Matt Grossmann: Are we learning anything about other autocracies from this conflict? I noticed that Turkey and Hungary, some autocratizing countries, have condemned the war, but maybe the overall international alignment is still autocracies more likely to defend others. Anything we could say about that?

Erica Frantz: It’s really tempting to say that there’s this club of autocracies, and they’re all on the same team. But the truth is we don’t really know that much about how these different regimes align with each other. In some instances, they seem to all be on the same page and against the West and liberal democracy. But in other instances, they don’t behave in predictable ways.

And I think at the core, these governments, like all governments, are going to do what’s in their own strategic interests and political interests. So if it’s in the regime’s interest for there to be global stability, then they’re going to be reluctant to embrace Putin’s action because it’s going to destabilize the world both in terms of the violence it creates, but also for the economic consequences. So if these leaders don’t see it as in their interest to support Putin’s venturism, then they’re going to have more of a muted response.

But we’re also seeing some interesting democracies not doing much. India is the one that comes to mind. So I think it’s these economic and political interests really outweigh everything else in terms of values and support for any one particular model of political rule.

The other thing that kind of is important to mention is that we also talk about China and Russia trying to export their model of authoritarianism, but there, the picture’s also pretty complicated because in some instances, particularly with China, the things that it’s exporting are in its financial interest.

So a lot of digital technologies, for example, that could be used to help other dictatorships model the Chinese form of authoritarianism, well, it’s in China’s interest to continue to sell these products because it helps them economically.

So it’s very tricky to disentangle motivations, and that’s why I’m somewhat reluctant to say that, okay, just because these two regimes are personalist, they’re going to be jumping on board with each other. Personalist leaders make for very unpredictable partners in general, so I think that it’s very difficult to say with any certainty that that would be what would be going on.

Matt Grossmann: So let’s dig into that a little bit more because people are seeing this as perhaps lessons for China and Taiwan. To what degree is China a personalist regime and what are the similarities and differences that might impact their relationship and the similarity of their actions?
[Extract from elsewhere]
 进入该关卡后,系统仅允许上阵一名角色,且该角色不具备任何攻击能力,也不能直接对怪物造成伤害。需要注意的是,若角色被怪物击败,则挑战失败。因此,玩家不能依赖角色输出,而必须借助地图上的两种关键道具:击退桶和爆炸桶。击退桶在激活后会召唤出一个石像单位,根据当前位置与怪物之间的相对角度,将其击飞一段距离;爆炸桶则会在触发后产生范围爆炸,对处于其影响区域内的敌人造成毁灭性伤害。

Erica Frantz: So China has traditionally been led by a dominant party since Mao and the Chinese Communist Party. And the overall model there has tended to be one of more collegial decision making. We don’t see leaders govern forever there. They tend to have a process of succession. Since Xi Jinping came to power, China has moved in a different direction and some would say has returned to the Mao era of governing style.

And consistent with the research, as power has grown more personalist under Xi Jinping, we’ve seen more repression, and we’ve also seen more foreign policy venturism. So all of the negatives that we typically associate with personalism, we’re starting to see signs of in China.
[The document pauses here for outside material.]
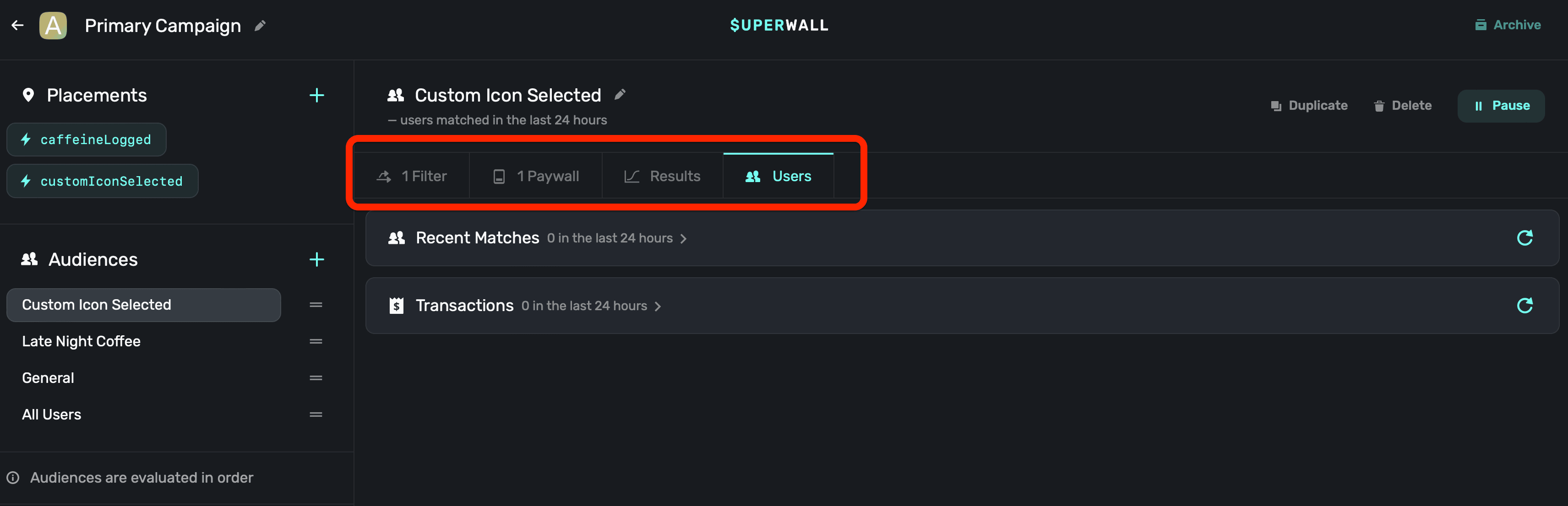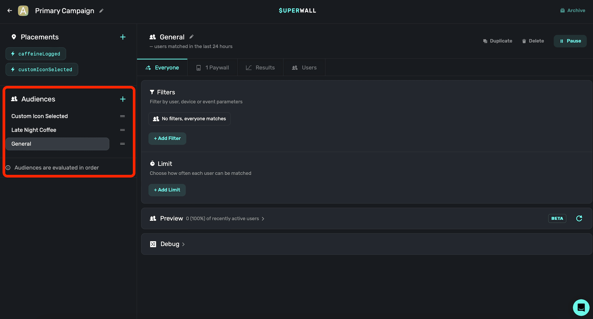 If a user logged caffeine in the morning, Superwall would first check if they matched the custom app icon audience, and then the audience for logging caffeine late at night. Since neither of those match (since they are logging caffeine in the morning, and not setting a custom icon), they'd land in the "everyone else" audience bucket.

However, it’s important to note that the levels of personalism today in China do not compare to what we see in Putin’s Russia. So it is certainly the case that concentration of power has happened, but it’s not to the same degree as in some of these other truly personalist contexts.

So the positive there is that the evidence suggests that we would see more predictable behavior coming out of the PRC than in more of a concentrated Putin-esque type of situation, which means that there should be a greater opportunity for predictable decision making.
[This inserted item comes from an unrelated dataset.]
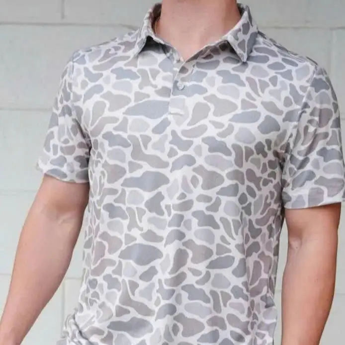 Classic Deer Camouflage Polo Shirt for Men Short Sleeve Outdoors Fishing Golf, Cozy Fit, Perfect Any Season, Full Color

And looking to China’s posturing to towards Taiwan, we would expect that there might be some learning happening here that these sorts of foreign policy decisions that sacrifice the integrity of these locations would be met with a harsh response.

Now, to be clear, if China were to grow more aggressive in its positioning toward Taiwan, I don’t think it would even come close to the sorts of aggression we’ve seen with Russia towards Ukraine. And really, it was the brazenness of this decision that led to this huge backlash and international sanctioning.

So we have to be careful in terms of the types of foreign policy venturism we would be looking at. In general, though, my sense is that this is a pivotal moment for global politics in that all the world’s watching. And everyone wants to know, if a dictator behaves in this way, what’s going to happen?

And from my perspective, the overwhelming message has been that a lot is going to happen and that the international community can unite in ways that push back against this form of aggression. So, to me, it was very important that we saw this sort of response, and that it’s going to send a very powerful message to all of the world. Everybody’s paying attention. So, to me, that’s one positive that’s come out of this.

Matt Grossmann: So Russia has also cracked down on all remaining independent media and has a strong state media apparatus and is building one sort of all over the world. It was building one. How similar is that to other personalist dictatorships, and what role does it play?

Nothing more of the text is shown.